I think moms are the coolest people around...really! I know we can also be the most stressed and the least made-up (with our hair pulled back, no make-up, and clothes that hide whatever muffin top some of us still have), but we can also be the most fun and most real (when we choose to anyway). I always look forward to my time at MOPS. I consider myself to be pretty open and transparent about the things I struggle with and the mistakes I've made as a mom. Who knew there would be a whole meeting where I could share all of these things with other moms? I love it! I love sharing these mishaps (and the good mom stuff too) with moms because whether you're a mom of 1 or 4 or 7, you're a mom who will make mistakes...no mom is perfect. I know there are moms out there that I put on a pedestal and I shouldn't. She has off days too...days that her kids cry at the store, they don't listen and obey, and days that she questions, "Are these kids really mine?"
When I first became pregnant with Brooklyn, I started reading (mom/new parent books)...and then I stopped! Everyone and everything in those books were giving me a complex. I learned and continue to learn most of my mothering from watching other moms and asking questions. That's why I love to share with moms. The only way we can learn and grow in this area is to be truly real with one another. To know that we all fail on a daily basis...sure, we all want to be that mom who breaks out her perfect picnic basket at the playdate full of sandwiches that include lettuce, carrots that our kids will eat with out ranch, and an entire fruit tray...but, I know I'm not. I'm lucky to get my kids to engage in eating a 1/2 of a sandwich with peanut butter and some kind of fruit, but surely we know they simply are choking it down to get the chips and chocolate chip cookie they know I brought!

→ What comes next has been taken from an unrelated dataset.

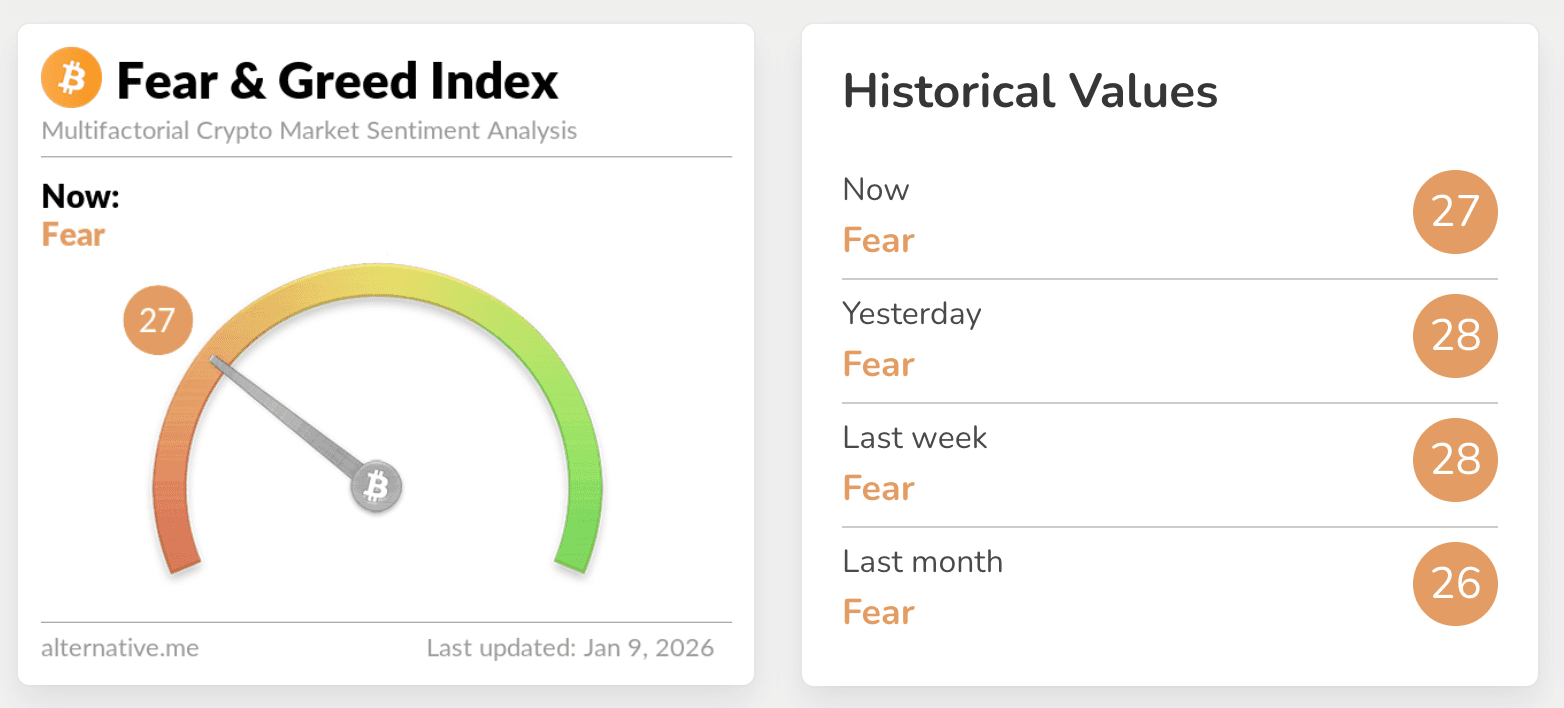 Sentiment remains cautious: the Crypto Fear & Greed Index finished the week at 27 (“Fear”), roughly unchanged from last week’s 28, suggesting risk appetite is improving only gradually.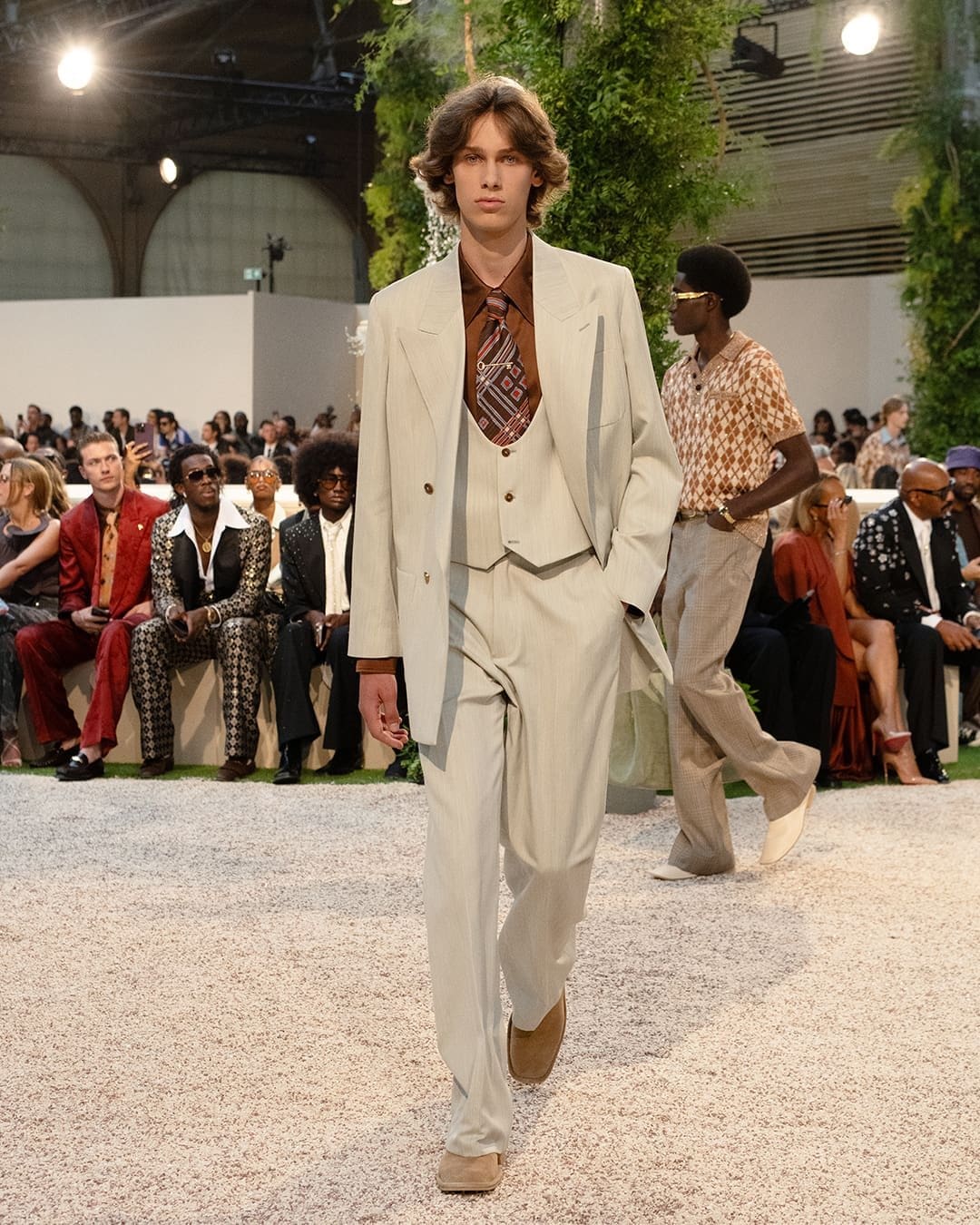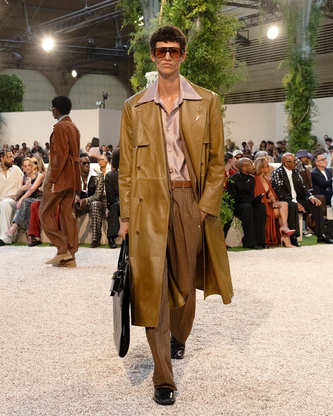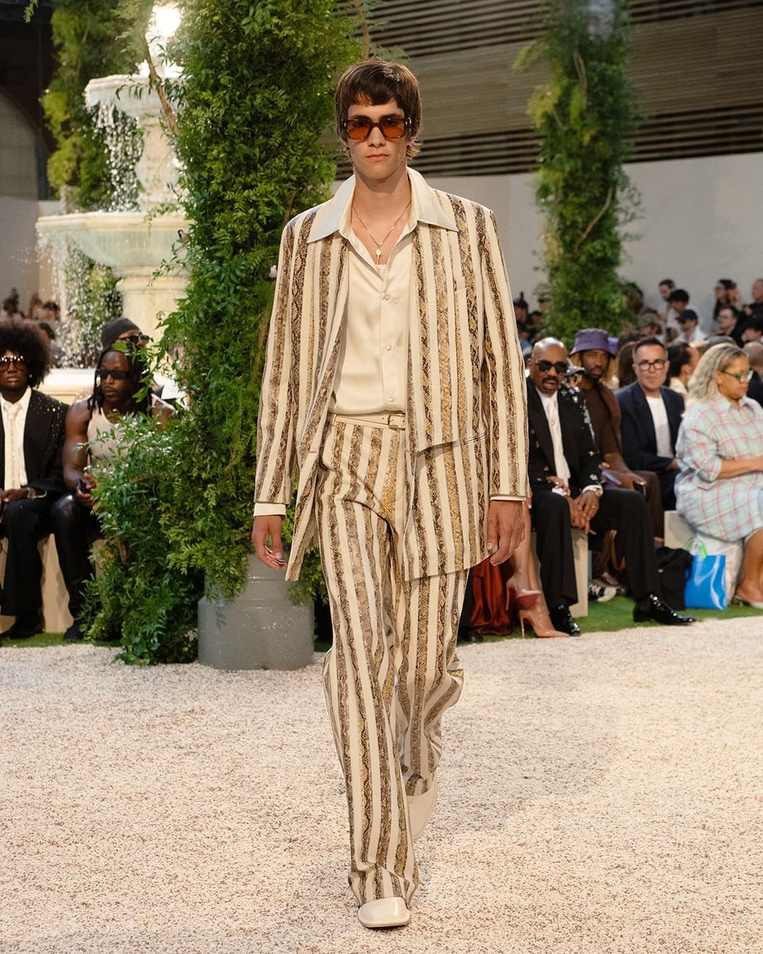 The show, though theatrical in presentation, is grounded in quiet luxury. There’s a sincerity to the narrative Amiri constructs—these aren’t just clothes, but expressions of persona, mood, and moment. Pieces like feather-trimmed tuxedo shirts and embellished lounge sets evoke a mood of indulgence without ostentation. They’re clothes for those who appreciate intimacy in detail—soft textures, whispered color, the weightless grace of craft. It’s luxury you feel before you see.

Unfortunately, our life isn't the Brady Bunch where things resolve themselves quickly, and everyone, including Alice (who has an Alice these days anyway?), is just a happy camper. We sure have an Oscar the Grouch around here every day, and sometimes it's even me. There just isn't a perfect family, a perfect mom, or perfect kids. For some reasons I still find myself with the expectation that this will happen, but each time I'm disappointed. For instance, in my mind, when we started homeschooling, I was certain that we would gather at the table each morning and do a family devotion, say the pledge, read our verse, do the calendar and weather, and the kids would work wonderfully and diligently as I taught them new things each day...REALITY: Brooklyn and I are able to complete her schoolwork successfully, but there are times I'm holding Ellie while teaching, we've only said the pledge 3-4 times in the last 2 weeks, we've only done 2 family devotions, and I encourage T.V. watching, Wii playing, and computer time for Camden and Savannah just so I can get the work done! Now, that to say, I have loved homeschooling and I know over time we will all adjust and I can make our time and schedule more productive and efficient as we move forward, but I had to jump in with two feet and try before I could make those adjustments and learn where our weaknesses were.
Anyway, back to MOPS...Two years ago, a MOPS speaker challenged us to find our passion. I really thought about that...hard. Of course, my family is my passion, but outside of that I realized that I loved moms. I love spending time with other moms, encouraging other moms, and helping moms to realize they are not alone in this journey (it's kind of like No Child Left Behind...No Mom Left Behind). When I first had Brooklyn, I did feel alone. I thought I was the only one whose baby didn't sleep well, or the only mom who found she couldn't breastfeed. Little thoughts like that can drive a woman crazy...no woman really wants to be alone...I mean, don't get me wrong, I love to be alone (in peace and quiet), but not alone too long with my thoughts, because I know I can drag myself down to believing I'm not good enough.
As usual, I think this post has been all over the place, but I am so excited that MOPS begins this next week. I would encourage all moms to find other moms to get together with...it doesn't have to be MOPS...it can be with your neighbors, church friends, etc..., but don't be alone. Don't be afraid of that "perfect mom" you see walking in the grocery with her kids waddling quietly behind her, not knocking anything off the shelves (she surely drugged them or threatened their life before they left the van)....that mom doesn't exist. And if you're reading this and you need a mom friend, let me know, and we'll schedule a playdate!